The richness, sweetness and freedom from artificiality is most obvious where you often hear it on a Pop Rock Big Production like GYBR: in the loudest, densest, most climactic choruses.

We set the playback volume so that the loudest parts of the record are as huge and powerful as they can possibly become without crossing the line into distortion or congestion.

On some records, Dark Side of the Moon comes instantly to mind, the guitar solos on Money are the loudest thing on the record.

On Breakfast in America the sax toward the end of The Logical Song is bigger and louder than anything on the record, louder even than Roger Hodgson’s near-hysterical multi-tracked screaming “Who I am” about three quarters of the way through the track. Those, however, are clearly exceptions to the rule.
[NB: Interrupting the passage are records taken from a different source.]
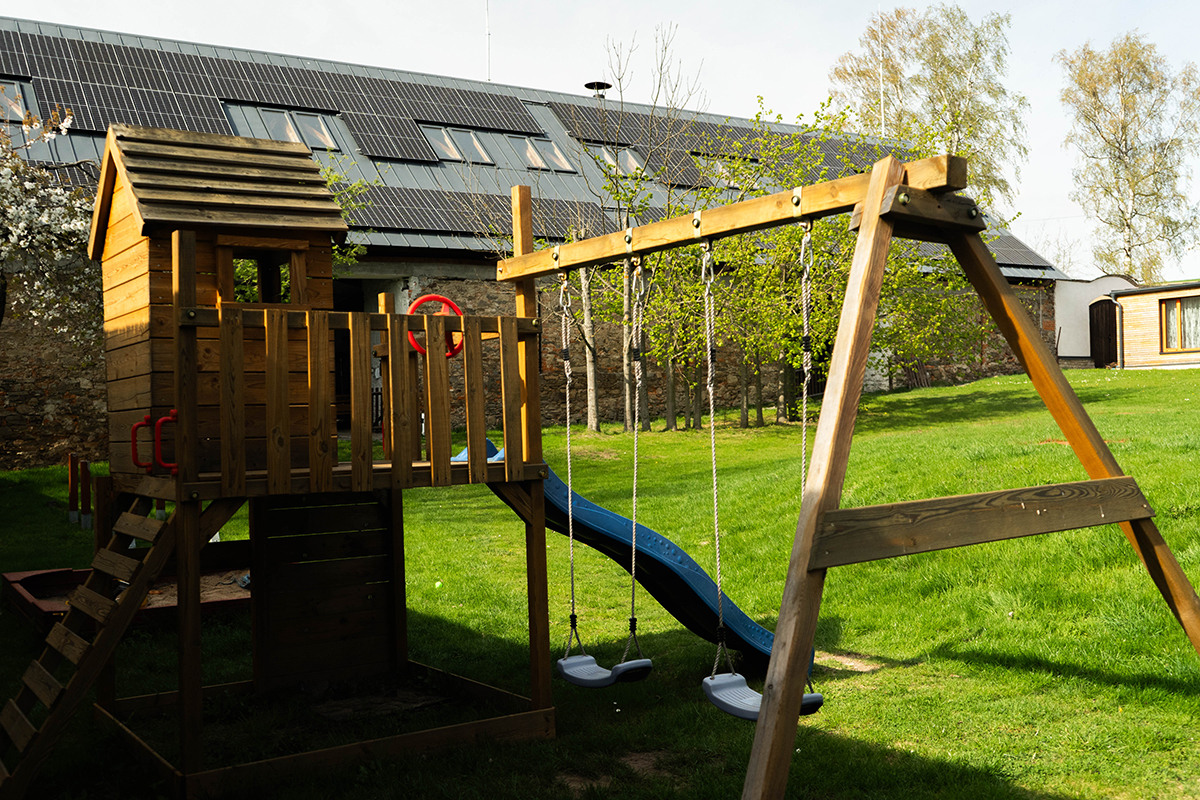 Every parent who has tried to find a hotel or guesthouse suitable for families with children knows how difficult it is today. The spacious courtyard (3500 m2) with parkland is equipped with a children’s playground, and thanks to its seclusion, children are completely safe. The hotel restaurant, café and outdoor terrace have a direct view of the Courtyard, so your children will be under control. As there are no roads (apart from a purpose built road leading only to the hotel) or buildings around the hotel, there is no danger to children “let loose” in the immediate area.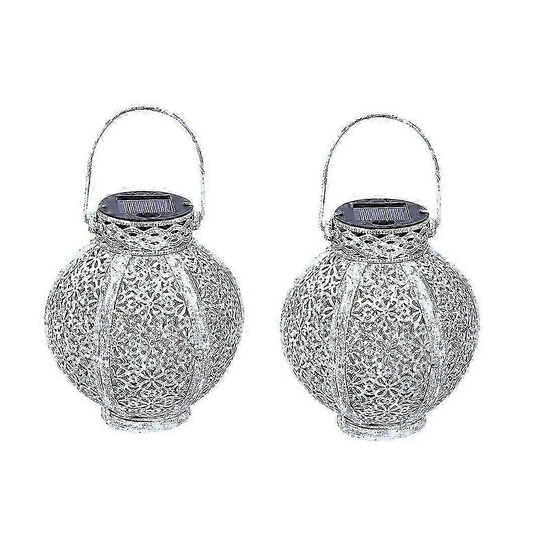 2 Pack Solar Lanterns Outdoor Hanging, Retro Large Solar Lantern Lamps Outdoor Waterproof with Handle, Metal DecorativeWhite SZRH A-S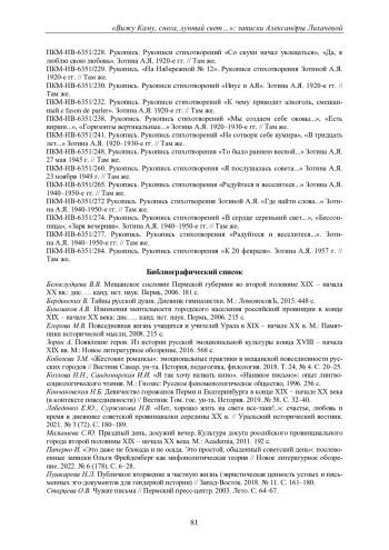 Ключевые фразы: эго-документы, гимназический дневник, самоописательные практики, жанр записок, поэтическая рефлексия, пермь начала хх в, мещанское городское сословие, городской досуг, провинция советских лет, индивидуальность

Most of the time it’s the final chorus of a pop song that gets bigger and louder than what has come before.

A pop song is usually designed to build momentum as it works its way through the verses and choruses, past the bridge, coming back around to make one final push, releasing all its energy in the final chorus, the climax of the song. On a good recording — one with real dynamics — that part of the song should be very loud and very powerful.

Testing the Climaxes

The climax of the biggest, most dynamic songs are almost always the toughest tests for a pop record, and it’s the main reason we play our records loud. The copies that hold up through the final choruses of their album’s largest scaled productions are the ones that provide the biggest thrills and the most emotionally powerful musical experiences one can have sitting in front of two speakers. Our Top 100 is full of records that reward that kind of intense listening at loud levels.

We live for that sound here at Better Records. It’s precisely what the best vintage analog pressings do so brilliantly. In fact they do it so much better than any other medium that there is really no comparison, and certainly no substitute. If you’re on this site you probably already know that.

Two to Listen For

Number one: Too many instruments and voices jammed into too little space in the upper midrange. When the tonality is shifted-up, even slightly, or there is too much compression, there will be too many elements — voices, guitars, drums — vying for space in the upper part of the midrange, causing congestion and a loss of clarity.